Impact resistance assessment was performed via the Charpy impact test at temperatures ranging from 25 to 900 °C, which is the simplest and most industrially practical method for evaluating impact resistance of industrial material. It has been confirmed that the results obtained from the Charpy impact test are comparable to those obtained from tests involving the collision of a small iron ball propelled by gas pressure with a specimen [26], which are commonly employed as foreign-object-damage simulations for jet engine blade impacts. Details of the Charpy impact test are provided in a separate study [14]. Front and back surfaces and sides of the flat cast and forged materials after HIP or heat treatment were cut and machined to produce flat test specimens approximately 55 mm in width and 10 mm in thickness. Then, these specimens were cut using a diamond grinding wheel under low load to create a cutting surface close to the polished surface, generating rectangular prism test specimens measuring approximately 10 × 10 × 55 mm³. Due to the extremely low impact resistance of TiAl alloys, no notches were introduced into the test specimens, and a small hammer with a capacity of 50 J was used to clearly differentiate the alloys. Charpy impact tests were conducted using the cut surfaces as the front and rear faces of the impact surface. For the high-temperature tests, the test specimens were heated for approximately 1 h in an electric furnace installed adjacent to the testing machine. Subsequently, the heated specimens were rapidly set in the testing machine for testing. Testing was completed within 5–10 s of removal from the furnace. Approximately 10 tests were performed under each condition, and impact resistances of all alloys were compared based on the average absorbed energy.

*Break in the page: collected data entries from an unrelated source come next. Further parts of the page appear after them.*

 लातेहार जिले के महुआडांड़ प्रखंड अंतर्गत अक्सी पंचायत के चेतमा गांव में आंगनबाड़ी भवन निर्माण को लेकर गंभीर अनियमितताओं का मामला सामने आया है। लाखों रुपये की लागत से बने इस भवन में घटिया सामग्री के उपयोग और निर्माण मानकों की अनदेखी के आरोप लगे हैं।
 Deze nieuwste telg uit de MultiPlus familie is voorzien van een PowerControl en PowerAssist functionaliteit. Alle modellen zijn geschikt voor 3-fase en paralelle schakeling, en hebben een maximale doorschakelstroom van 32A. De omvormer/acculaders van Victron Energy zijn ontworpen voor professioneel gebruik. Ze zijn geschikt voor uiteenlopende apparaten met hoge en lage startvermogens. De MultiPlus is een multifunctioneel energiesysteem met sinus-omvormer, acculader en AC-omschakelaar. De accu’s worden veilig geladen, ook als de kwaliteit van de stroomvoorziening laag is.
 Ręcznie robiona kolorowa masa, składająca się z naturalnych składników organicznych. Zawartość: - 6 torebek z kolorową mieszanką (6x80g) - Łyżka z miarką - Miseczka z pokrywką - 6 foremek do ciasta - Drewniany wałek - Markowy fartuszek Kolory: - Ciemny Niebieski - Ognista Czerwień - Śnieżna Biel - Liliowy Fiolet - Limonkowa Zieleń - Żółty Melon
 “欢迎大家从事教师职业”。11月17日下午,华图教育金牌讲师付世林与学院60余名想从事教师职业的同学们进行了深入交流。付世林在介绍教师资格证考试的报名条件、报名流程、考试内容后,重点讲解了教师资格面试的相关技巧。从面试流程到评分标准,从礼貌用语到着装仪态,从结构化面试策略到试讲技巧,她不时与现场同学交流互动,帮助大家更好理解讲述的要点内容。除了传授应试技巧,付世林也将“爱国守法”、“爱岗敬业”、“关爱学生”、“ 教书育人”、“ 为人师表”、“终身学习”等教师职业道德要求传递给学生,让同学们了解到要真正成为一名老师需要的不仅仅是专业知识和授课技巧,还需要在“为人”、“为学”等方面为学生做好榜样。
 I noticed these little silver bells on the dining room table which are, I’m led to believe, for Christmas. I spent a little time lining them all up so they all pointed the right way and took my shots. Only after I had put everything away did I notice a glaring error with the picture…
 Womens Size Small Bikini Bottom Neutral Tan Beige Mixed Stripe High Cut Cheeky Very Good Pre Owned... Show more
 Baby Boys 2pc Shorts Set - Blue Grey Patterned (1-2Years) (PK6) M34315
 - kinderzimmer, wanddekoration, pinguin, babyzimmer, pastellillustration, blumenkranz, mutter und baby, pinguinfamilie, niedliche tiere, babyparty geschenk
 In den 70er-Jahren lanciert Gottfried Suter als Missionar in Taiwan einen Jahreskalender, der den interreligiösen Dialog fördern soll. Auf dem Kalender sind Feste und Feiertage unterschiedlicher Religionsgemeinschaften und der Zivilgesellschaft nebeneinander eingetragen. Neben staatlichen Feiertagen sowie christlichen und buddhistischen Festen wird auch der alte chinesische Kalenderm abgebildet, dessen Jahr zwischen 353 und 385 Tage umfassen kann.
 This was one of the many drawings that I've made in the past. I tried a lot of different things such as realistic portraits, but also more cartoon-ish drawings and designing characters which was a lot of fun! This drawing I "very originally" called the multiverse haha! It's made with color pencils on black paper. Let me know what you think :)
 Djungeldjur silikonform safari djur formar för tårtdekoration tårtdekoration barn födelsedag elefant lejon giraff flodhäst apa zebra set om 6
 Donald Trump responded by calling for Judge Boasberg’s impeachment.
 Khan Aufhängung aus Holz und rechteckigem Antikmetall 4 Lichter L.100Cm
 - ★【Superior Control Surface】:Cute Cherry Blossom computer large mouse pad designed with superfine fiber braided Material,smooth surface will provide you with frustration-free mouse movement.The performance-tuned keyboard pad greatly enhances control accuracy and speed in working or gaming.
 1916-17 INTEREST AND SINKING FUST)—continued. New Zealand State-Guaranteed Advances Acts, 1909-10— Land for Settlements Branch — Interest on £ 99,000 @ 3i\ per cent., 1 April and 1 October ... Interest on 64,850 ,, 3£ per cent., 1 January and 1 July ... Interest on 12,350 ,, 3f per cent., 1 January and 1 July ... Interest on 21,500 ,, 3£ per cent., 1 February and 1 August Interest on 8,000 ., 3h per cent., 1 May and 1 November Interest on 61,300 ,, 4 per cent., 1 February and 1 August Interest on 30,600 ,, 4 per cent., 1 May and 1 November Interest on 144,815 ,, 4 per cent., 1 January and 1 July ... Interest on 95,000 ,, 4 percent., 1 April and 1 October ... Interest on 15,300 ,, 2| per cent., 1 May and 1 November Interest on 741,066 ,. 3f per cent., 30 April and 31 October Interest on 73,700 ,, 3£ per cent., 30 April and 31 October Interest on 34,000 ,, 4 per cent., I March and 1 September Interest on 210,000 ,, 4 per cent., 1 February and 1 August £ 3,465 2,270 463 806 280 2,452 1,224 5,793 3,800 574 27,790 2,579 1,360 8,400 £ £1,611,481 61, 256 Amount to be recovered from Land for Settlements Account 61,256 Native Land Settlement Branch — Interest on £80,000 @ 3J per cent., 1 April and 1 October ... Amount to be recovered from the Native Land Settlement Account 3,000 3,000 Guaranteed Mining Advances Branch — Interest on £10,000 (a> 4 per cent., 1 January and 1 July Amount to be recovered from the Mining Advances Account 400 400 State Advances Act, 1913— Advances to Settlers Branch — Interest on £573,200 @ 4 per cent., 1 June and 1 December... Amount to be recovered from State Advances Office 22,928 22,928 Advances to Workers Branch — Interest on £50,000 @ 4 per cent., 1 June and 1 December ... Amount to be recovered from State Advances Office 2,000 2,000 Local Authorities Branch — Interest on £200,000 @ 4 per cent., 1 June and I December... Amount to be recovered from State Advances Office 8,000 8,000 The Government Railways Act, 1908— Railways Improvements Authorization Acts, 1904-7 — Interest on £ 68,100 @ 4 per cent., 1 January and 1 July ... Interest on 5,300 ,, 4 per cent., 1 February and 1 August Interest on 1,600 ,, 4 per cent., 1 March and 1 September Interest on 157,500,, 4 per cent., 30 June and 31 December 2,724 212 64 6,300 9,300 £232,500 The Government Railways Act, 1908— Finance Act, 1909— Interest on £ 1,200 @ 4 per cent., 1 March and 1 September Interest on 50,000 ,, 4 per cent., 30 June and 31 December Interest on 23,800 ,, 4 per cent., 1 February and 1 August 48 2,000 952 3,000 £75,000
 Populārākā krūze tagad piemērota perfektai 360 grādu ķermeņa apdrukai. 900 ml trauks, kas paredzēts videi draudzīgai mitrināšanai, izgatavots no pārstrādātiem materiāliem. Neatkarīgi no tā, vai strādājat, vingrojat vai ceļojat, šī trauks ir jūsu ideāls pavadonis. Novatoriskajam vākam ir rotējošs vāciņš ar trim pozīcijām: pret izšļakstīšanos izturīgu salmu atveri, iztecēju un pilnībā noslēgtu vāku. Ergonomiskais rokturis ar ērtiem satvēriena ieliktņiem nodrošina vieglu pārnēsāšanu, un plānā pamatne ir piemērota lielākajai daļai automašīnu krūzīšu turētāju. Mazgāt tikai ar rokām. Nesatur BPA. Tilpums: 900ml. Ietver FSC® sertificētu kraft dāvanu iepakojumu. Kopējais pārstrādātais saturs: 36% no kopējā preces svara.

To assess the high-temperature strength properties, tensile creep tests were conducted on round-bar specimens with gauge diameters of 4 mm at 775 °C under 200 MPa, using Ultra-High Temperature Creep Rupture Testing Equipment (Toshin Kogyo Ltd., Tokyo, Japan).

3. Results and Discussion

3.1. Effects of α₂ Phase Ratio and Spacing on the Impact Resistances of TiAl Alloys with Fully Lamellar Structures

3.1.1. Microstructure

Figure 1 shows representative microstructures of TiAl alloys held at 1375 °C for 2 h, followed by FC and cooling at 0.5 °C/min. For 40.5 Al, FC conditions lead to very high α₂ phase ratio and extremely narrow α₂ phase spacing. At a cooling rate of 0.5 °C/min, a slight decrease in the α₂ phase ratio and slight increase in α₂ phase spacing are noticed. In contrast, for 43.5 Al, the α₂ phase ratio decreases under both cooling conditions, while the α₂ phase spacing increases relative to that observed in 40.5 Al. Moreover, for 46.5 Al, this trend is even more significant; at a cooling rate of 0.5 °C/min, a fully lamellar structure with wide α₂ phase spacing is observed.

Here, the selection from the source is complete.